# ID this scolopendra!



## FwoGiZ (Jul 8, 2008)

This is a VERY tiny scolopendra I've been culturing for a while... it got in one of my viv via some plants or wood...
I think it is scavenging wood but I am not sure, anyway I always found it on wood before starting culturing them in this... mud
In one of the picture, you can see a hydroball to give you a rough estimate of how big it is.
It look a lot like a scolopendra with the numerous legs, is white or tan and frogs LOVE these... no ill effect until then, one of my friend been feeding those to auratus and azureus when out of FF.
Thank you!


----------



## Ed (Sep 19, 2004)

Are you sure it is a centipede? The legs look tiny and close to the body for any of the centipedes.. compare it to pictures of Nannarrup hoffmani 

Ed


----------



## FwoGiZ (Jul 8, 2008)

well at first I thought it was scolopendra since I didn't see any adult form so I thought it was no larvae.. but yeah after a closer look, they might not be scolopendra... what are they? maybe they morph into some type of flies I don't even notice?
i don't think they're nannarup altho there is not much info about these guys... but mine don't look as long
I wish I still had that microscope toy


----------



## frogparty (Dec 27, 2007)

Also, just because its a centipede doesnt mean its a Scolopendra. Those little critters have none of the defining characteristics of the genus at all. Just because one is called Scolopendra doesnt mean they are all in the same genus. If they are centipedes, they might not even be in the same family as scolopendra


----------



## ashb (Dec 9, 2009)

I get these from time to time in my vivaria too and I believe they are centipedes as well. I doubt they are Scolopendra sp though...


----------



## Ed (Sep 19, 2004)

FwoGiZ said:


> i don't think they're nannarup altho there is not much info about these guys... but mine don't look as long
> I wish I still had that microscope toy


I think N. hoffmani is the smallest known centipede. You need to get them enlarged so the head structure can be more closely examined to rule out micromillipedes and micro-velvet worms, since if it is a centipede is probably an unknown species. 

Ed


----------



## Ed (Sep 19, 2004)

ashb said:


> I get these from time to time in my vivaria too and I believe they are centipedes as well. I doubt they are Scolopendra sp though...

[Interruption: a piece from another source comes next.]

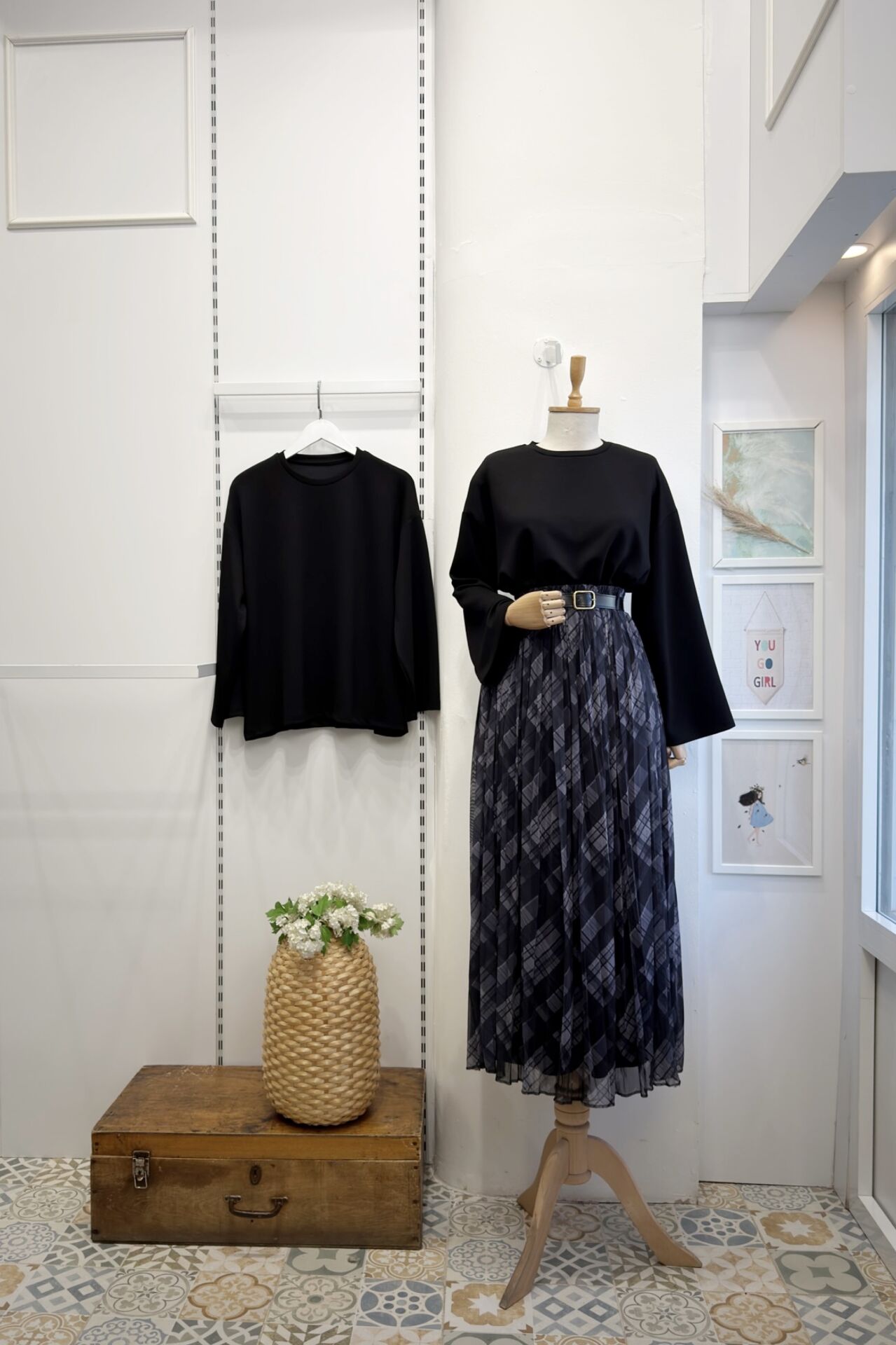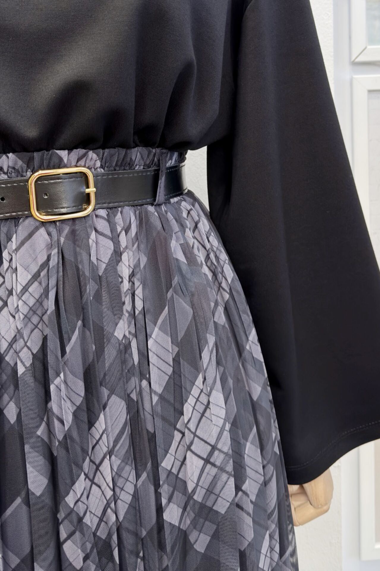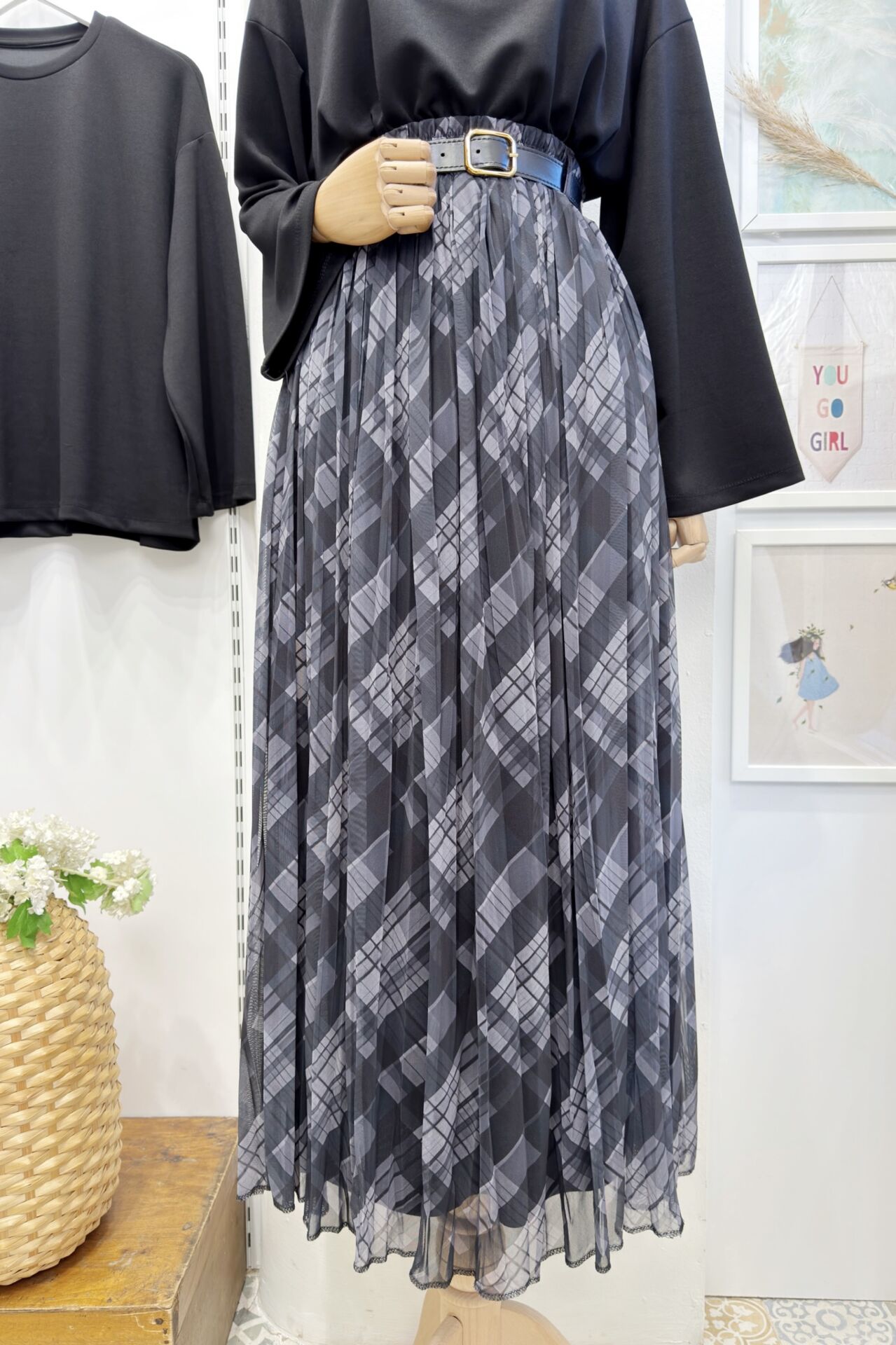 Siyah Ekose Desenli Maria Tül Etek

The reason I questioned it is because if I remember correctly they are smaller than the smallest known centipede....


----------



## JeremyHuff (Apr 22, 2008)

Those are not a Chilopoda. They look like Diplopoda. If the have two pair of legs per segment then they are millipedes.


----------



## FwoGiZ (Jul 8, 2008)

I don't really have much knowledge about these bugs but I can make the difference between scolopendra and milliped... didn't really thought of centiped but they really might be that!
I can't take a closer pic... that is the best I got out of my cheap cam!!
I will try to take a closer look and give better explanation...
all this really got me intrigued, please stay tuned, I really hope we can ID these with everyone's knowledge.! Else maybe I am gonna be rich for finding a new specie?!! 
Jk;P


----------



## JeremyHuff (Apr 22, 2008)

In the first pic it looks like there is a side view and the legs are two pai/segment, so they are millipedes. Another easy way to tell- are they fast or slow? I know that is subjective, but millipedes tend to be far slower than centipedes.


----------



## FwoGiZ (Jul 8, 2008)

I would say they're VERY slow.. so slow that you won't notice them because of movement much (like you would for springtails for say!)
they definately move faster than isopod tho
Now if they are millipeds, what specie? is this good? what do these guys need if I want to keep culturing them! Are they good frog food? frogs go crazy for those...


----------